The city plans to add pedestrian islands, mid-block signals, curb extensions, and more improvements to a deadly stretch of Ralph Avenue in Flatlands where drivers failing to yield to pedestrians and left turns have been the major cause of crashes.

“Not yielding is a particular problem at this corridor,” said an official from the Department of Transportation who presented the plan to Community Board 18 at its April 18 meeting.

The stretch of Ralph Avenue from avenues J to T is a Vision Zero “Priority Corridor,” singled out for special attention by the mayor’s office due to the high number of severe accidents there.

From 2012 to 2016, one person was killed and nine were seriously injured in traffic incidents along that corridor, according to city stats. Overall, 213 pedestrians, bicyclists and drivers have been injured during this time.

The Department of Transporta­tion’s plan includes:

• Building five new pedestrian refuge islands to shorten crossing distances and calm traffic.

• Adding mid-block signals at the Georgetown Shopping Center to allow the building of pedestrian crossings there and improve vehicle access to the area.

• Expanding the refuge at Ralph and Mill avenues to allow more people to congregate there.

• Banning left turns from Ralph Avenue on to Avenue K while heading towards Avenue L to accommodate a pedestrian refuge and reduce accidents.

• Extending the size of the curb at avenues Ralph and M.

• Upgrading several pedestrian curb cuts.

The plan came after locals lobbied for the city to do something about the hazardous stretch of road, according to the agency official.

“We’ve received community requests for this corridor,” she said.

Board members expect that the planned changes will improve safety on the treacherous six blocks, and CB18 district manager said the transportation department assured her that it will take more action if necessary.

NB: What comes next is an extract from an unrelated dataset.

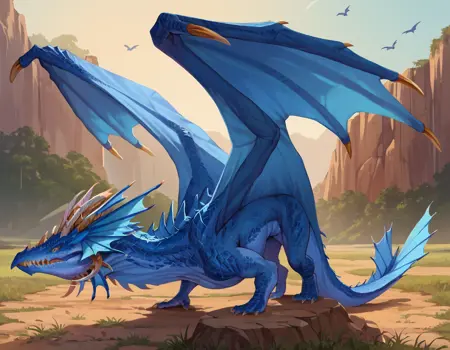 TrueDragon, blue scales, dragon wings, yellow eyes, horns,

“This isn’t a closed door,” said Dottie Turano. “If they see it’s not working, they’re the first ones to respond.”

After the presentation, one man raised concerns over the possibility of bike or bus lanes on this part of Ralph Avenue. Bus and bike lanes have drawn the ire of some in other parts of Southern Brooklyn, but the department assuaged their fears.

“We’re not proposing any bus or bike lanes,” said the official to a lengthy round of applause.

The city hopes to start the work early this summer, according to the department official.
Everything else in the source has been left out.